The inventors generated and characterized a trans-complementation system for SARS-CoV-2. The system produced a high yield of single-round infectious ΔORF3-E mNG virion that could be used for neutralization and antiviral testing. Both the single-round virion (when infecting wild-type cells) and the multi-round system (when infecting complementing cells such as Vero-ORF3-E) can be used for diagnosis, neutralization, and antiviral testing. In certain aspects, an mNG reporter was introduced into the ΔORF3-E virion to be an indicator of viral replication. Depending on research needs, other reporter genes, such as luciferase, GFP, etc, could be engineered into the system. A reliable high-throughput neutralization assay is important for COVID-19 vaccine evaluation and for studying the kinetics of neutralizing antibody levels in post-vaccinated and naturally infected people (4, 21, 22). Three types of cell-based high-throughput neutralization assays currently are available: (i) pseudovirus assay, which expresses SARS-CoV-2 S protein alone, can be performed at BSL-2 laboratories (23, 24); (ii) a reporter SARS-CoV-2 assay, which must be performed at BSL-3 laboratories, represents authentic viral infection (3, 5, 6, 25); (iii) bona fide fully infectious SARS-CoV-2 by focus reduction neutralization test (23). The ΔORF3-E mNG virion combines the advantages of each assay type by recapitulating the authentic viral infection for a single round, thus qualifying its use at BSL2 laboratories. The ΔORF3-E mNG virion can be readily adapted to investigate vaccine-elicited neutralization against newly emerged SARS-CoV-2 isolates, such as the rapidly spreading United Kingdom and South African strains (26, 27), by swapping or mutating the S gene.

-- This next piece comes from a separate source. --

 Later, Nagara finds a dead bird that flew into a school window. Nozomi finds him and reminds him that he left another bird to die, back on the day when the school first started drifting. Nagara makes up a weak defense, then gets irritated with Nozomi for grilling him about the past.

The trans-complementation system also can be used for high-throughput antiviral screening of large compound libraries. Infection of normal cells with ΔORF3-E mNG virions allows for screening of inhibitors of virus entry, translation, and RNA replication, but not virion assembly/release. In contrast, infection of Vero-ORF3-E cells with ΔORF3-E mNG virion can be used to identify inhibitors of all steps of SARS-CoV-2 infection cycle, including virion assembly and release; this system also allows for resistance selection against inhibitors for mode-of-action studies. In addition, the single-round ΔORF3-E virion could be developed as a safe vaccine platform.

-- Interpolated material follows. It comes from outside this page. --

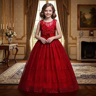 Lapset Tyttöjen Mekko Juhlamekko Yhtenäinen väri Hihaton Muodollinen Suoritus Erikoistilaisuus Pitsi Silmukka Muoti Päivittäin Prinsessa Polyesteri Maxi Juhlamekko Kellomekko Tyllimekko Kesä Kevät 4

The results support that the trans-complementation system can be performed safely in BSL-2 laboratories. (i) The system produced single-round infectious ΔORF3-E mNG virion that does not infect normal cells for multiple rounds. (ii) The system did not produce WT virus, even after multiple independent selections. (iii) Although an adaptive mutation in M protein was selected to confer virion for multi-round infection on normal cells (i.e., S-IV-P5), the replication level of S-IV-P5 was barely detectable, with infectious titers >10⁵-fold lower than the WT SARS-CoV-2. The molecular mechanism of how S-IV-P5 could infect cells for multiple rounds without ORF3 and E proteins remains to be defined. Previous studies showed that deletion of ORF3 and E genes was lethal for SARS-CoV (28). (iv) Continuous culturing of the S-IV-P5 virion on naïve Vero cells did not improve viral replication. (v) When hamsters and K18-hACE2 mice were infected with the highest possible doses, neither ΔORF3-E mNG virion nor S-IV-P5 virion caused morbidity or mortality. Even after intracranial infection with the highest possible dose, neither virions caused disease or death in the highly susceptible K18-hACE2 mice. To further improve the safety of the system, we could delete more accessory ORFs from the ΔORF3-E mNG RNA as accessory proteins are not essential for viral replication (1).

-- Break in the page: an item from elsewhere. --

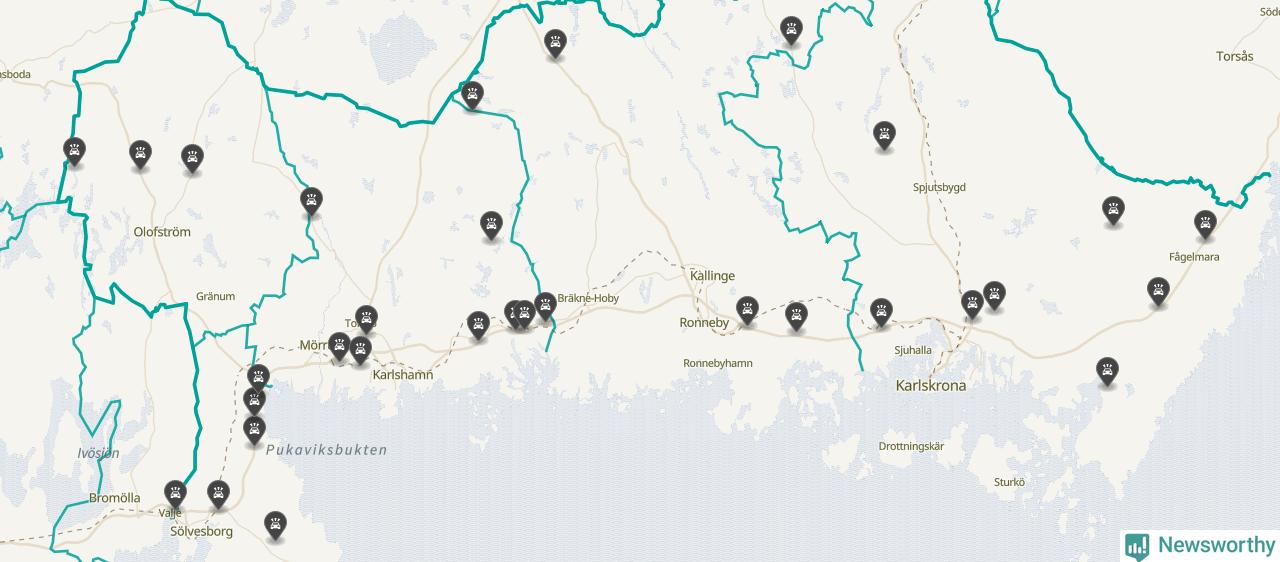 Karta över Blekinge län
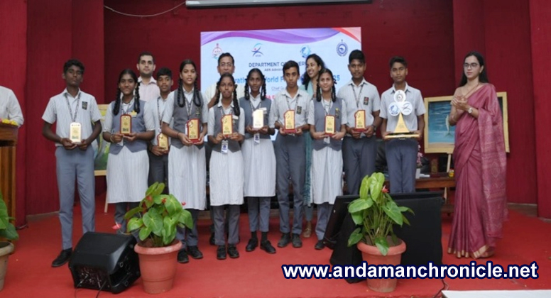 As part of the celebrations, the Department organized multiple competitions, including an Essay Writing Competition on “Fisheries Potential of A&N Islands: Way Forward for Fisheries Economy Development” for students of the Zoology Department, JNRM, and Marine Biology students of Pondicherry University; a Quiz Programme on “Wonder World of Fishes”; and a Poster Making Competition on “Marine Biodiversity of A&N Islands” for students of Government Senior Secondary Schools. These activities were designed to inspire young minds, foster curiosity about the marine ecosystem, and encourage their active involvement in conserving the Islands’ rich biodiversity. Prizes were distributed to the winners as recognition of their creativity and awareness.

The current examples use of Vero E6 cells as a representative cell line for constructing a Vero-ORF3-E cell line. When propagated on Vero E6 cells, SARS-CoV-2 could accumulate deletions at the furin cleavage site in the S protein (29, 30). The furin cleavage deletion affects the neutralization susceptibility of SARS-CoV-2 and possibly the route of entry into cells (31). Although furin cleavage deletions were not observed when ΔORF3-E mNG virion was passaged on the Vero-ORF3-E cells, this possibility can be minimized or eliminated by using other cell lines, such as, but not limited to A549-hACE2 or Vero-TMPRSS2-hACE2 cells.

Complementing Cells

Cell lines or primary cells can be transformed with an expression cassette to produce a cell or cell line of the invention resulting in a trans-complementing cell line(s). A precursor to the trans-complementing cell line can be selected from any mammalian species, such as human cell types, including without limitation, cells such as primary cells isolated from various human tissues, e.g., human tonsil or umbilical cord cells; cell lines such as HeLa, Vero, A549 and/or HKB cells or other human cell lines. Other mammalian species cells are also useful, for example, primate cells, rodent cells or other cells commonly used in biological laboratories. The selection of the mammalian species providing the cells is not a limitation of this invention; nor is the type of mammalian cell, i.e., fibroblast, hepatocyte, tumor cell, etc.

Suitably, the target cells are transformed with a nucleic acid, e.g. an expression cassette, comprising nucleic acid sequences encoding coronavirus ORF3 and E under the control of a heterologous promoter.

The DNA sequences encoding the coronavirus genes useful in this invention may be selected from among any known coronavirus type, including the presently identified SARS-CoV-2. Similarly, coronaviruses known to infect other animals may supply the gene sequences. The selection of the coronavirus type for each gene sequence does not limit this invention. The sequences for a number of coronavirus serotypes are available from Genbank. A variety of coronavirus strains are available from the ATCC, or are available by request from a variety of commercial and institutional sources. In the following examples of sequences are those from a representative coronavirus, SARS-CoV-2.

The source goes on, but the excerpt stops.